Une pucelle perverse tentait vainement de séduire un bossu vertueux. Elle le harcelait de ses charmes, elle qui était jeune et belle. Lui se complaisait dans le jeûne, l'abstinence, la prière. Non content d'avoir une bosse sur le dos, le vieil homme contrefait grimaçait comme un singe du matin au soir. Il avait les yeux globuleux à souhait, la voix rocailleuse et les doigts osseux. Et pour couronner le tout, il chiquait comme un hérétique. Inutile de préciser que sa chique le faisait baver comme un boeuf. Une sorte de liquide jaunâtre et épicé suintait de ses lèvres pour se répandre et s'incruster le long de sa chemise crasseuse. La chique était d'ailleurs sa seule faiblesse. En dehors de ça, c'était un vrai moine.

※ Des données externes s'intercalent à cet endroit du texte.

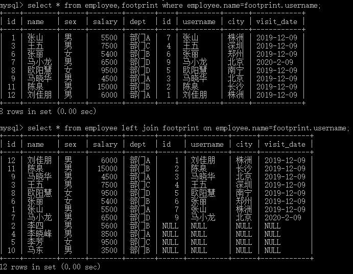 外连接查询,关联表之间不需要相互匹配,分左右连接

Un jour la belle, lasse de se voir si longtemps tenue en échec par le vieil ascète entreprit de déployer les grands moyens. Elle vint frapper à la porte du bossu en tenue légère. D'habitude elle lui faisait des propositions indécentes en chapeau de paille ou en crinoline. Là, elle n'était vêtue que de voiles transparentes et de dentelles cousues d'or fin. Autant dire qu'elle ne dissimulait rien de ses appas. Mais le vieux, au lieu de sa chair femelle ne voyait que la richesse de ses atours. La pucelle portait la toilette d'une fille de la ville, et c'est cela surtout qui éblouissait le bossu.
Dédaignant la cuisse et le tétin, il écarquillait les yeux devant l'étalage de ces apparats textiles. Il regardait les voiles de la pucelle comme un fripier jauge la qualité d'un tissu. Tant et si bien qu'il lui proposa de les lui acheter. Précisons pour comprendre la finesse de cette histoire que le bossu était un ancien tailleur, et que par conséquent il s'y connaissait en matière de broderie. Et aussi en affaires.
C'est ainsi que la pucelle sortit de chez le bossu toute nue, les mains pleines d'écus. La rumeur fit du bossu un Casanova et de la pucelle une voleuse.
En vérité le bossu vertueux avait tout simplement fait une bonne affaire en revendant à prix d'or les voiles et les dentelles au Diable (qui comme on le sait collectionne les souliers et les rubans des vierges débauchées), tandis que la pucelle perverse avait accepté de prendre froid contre une poignée de finances.
La réalité est aussi simple que cela.